Güney Amerika haberleri bizim basınımızda neredeyse hiç yer almaz. Yer alsa da çoğu zaman “dostumuz” Amerika’nın sinirini bozacak bir şey yaptıkları için ya da magazin haberine benzediği için oluyor her ne hikmetse. Dolayısıyla bu tür haberlerin gündem olması çok zor. Halbuki değişen dünya dengelerinin ne yöne gittiğini görmek için Güney Amerika’yı çok yakından takip etmek, çok iyi anlamak gerekiyor.
Son habere göre, Venezuela lideri Hugo Chavez Cumhurbaşkanlığı Sarayı’nı bırakıp, Kaddafi’nin hediye ettiği çadıra taşınıyor. Sebebi de sel felaketinde evsiz kalan vatandaşlardan olabildiğince çoğunu kendisinin ve muhafızlarının yerine Cumhurbaşkanlığı Sarayı’na yerleştirmek.

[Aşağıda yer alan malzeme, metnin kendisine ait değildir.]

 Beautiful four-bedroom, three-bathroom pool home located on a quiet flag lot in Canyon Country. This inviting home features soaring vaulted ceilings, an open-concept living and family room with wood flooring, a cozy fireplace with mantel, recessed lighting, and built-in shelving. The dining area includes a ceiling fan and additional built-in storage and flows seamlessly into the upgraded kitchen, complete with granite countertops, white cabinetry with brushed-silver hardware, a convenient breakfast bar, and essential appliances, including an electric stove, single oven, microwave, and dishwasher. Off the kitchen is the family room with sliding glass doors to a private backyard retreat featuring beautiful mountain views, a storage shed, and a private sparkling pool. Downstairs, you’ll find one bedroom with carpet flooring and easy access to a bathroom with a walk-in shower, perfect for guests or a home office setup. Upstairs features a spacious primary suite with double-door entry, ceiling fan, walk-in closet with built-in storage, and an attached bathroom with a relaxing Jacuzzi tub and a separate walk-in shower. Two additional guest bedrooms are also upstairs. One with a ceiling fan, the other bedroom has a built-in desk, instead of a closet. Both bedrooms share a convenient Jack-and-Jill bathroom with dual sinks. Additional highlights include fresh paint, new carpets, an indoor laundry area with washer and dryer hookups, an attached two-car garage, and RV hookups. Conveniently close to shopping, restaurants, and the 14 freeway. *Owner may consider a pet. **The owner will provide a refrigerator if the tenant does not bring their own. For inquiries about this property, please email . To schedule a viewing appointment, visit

Daha önce de felaketzedelerin lüks otellerde bedava kalmaları emrini veren Chavez’i acaba bizde olsa örnek alacak lider olur muydu?

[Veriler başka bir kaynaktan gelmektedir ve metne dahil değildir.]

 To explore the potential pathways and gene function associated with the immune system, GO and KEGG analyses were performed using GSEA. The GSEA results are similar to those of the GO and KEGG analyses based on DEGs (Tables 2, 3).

Maden kazasına kader diyen, eylem yapan işçilere anarşist, öğrencilere terörist diyen bir yönetimin acaba bu tür “sözde değil özde” halkçı bir harekete yeltenmesini ummak ne derece bir saflık olur?

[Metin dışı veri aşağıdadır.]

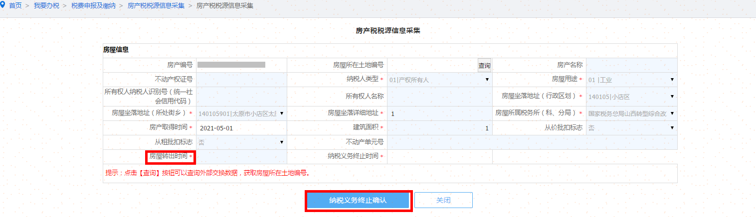 选择“房屋转出时间”终止纳税义务。注意:注销日期不能小于从价和从租的应税有效期起,如图。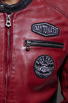 We vinden een bikerkraag met drukknoop en een ritssluiting. Gecentreerde dia. Het oppervlak is gladgemaakt en versierd met patches uit het mechanische universum van Daytona. Aan de buitenkant zijn 4 zakken voorzien, allemaal met ritssluiting. 2 van de zakken zijn op borsthoogte geplaatst en 2 andere zijn diagonaal aan de onderkant van de jas geplaatst. In de voering zijn 3 zakken geïntegreerd, waarvan 1 tot 2 zakken. druk en een andere ritste dicht. Een poot-klikknop markeert ook de maat. De polsritsen maken de look van de rijder compleet.

Yeni oluşan dünya dengelerinde bir tarafta uzun süredir “müttefiklerimiz” olan kapitalizm temelli ülkeler, diğer yanda ise “emperyalizm karşıtı” eksendeki, çoğu zaman halkçı ülkeler var. Dolayısıyla Türkiye’nin geleceği için bizden uzak bu diğer gruptaki gelişmeleri, liderlerin ve halkların eğilimlerini gözden kaçırmamak gerek. Kim bilir, belki bu “asi ülkelerden” de öğreneceğimiz bir şeyler çıkabilir.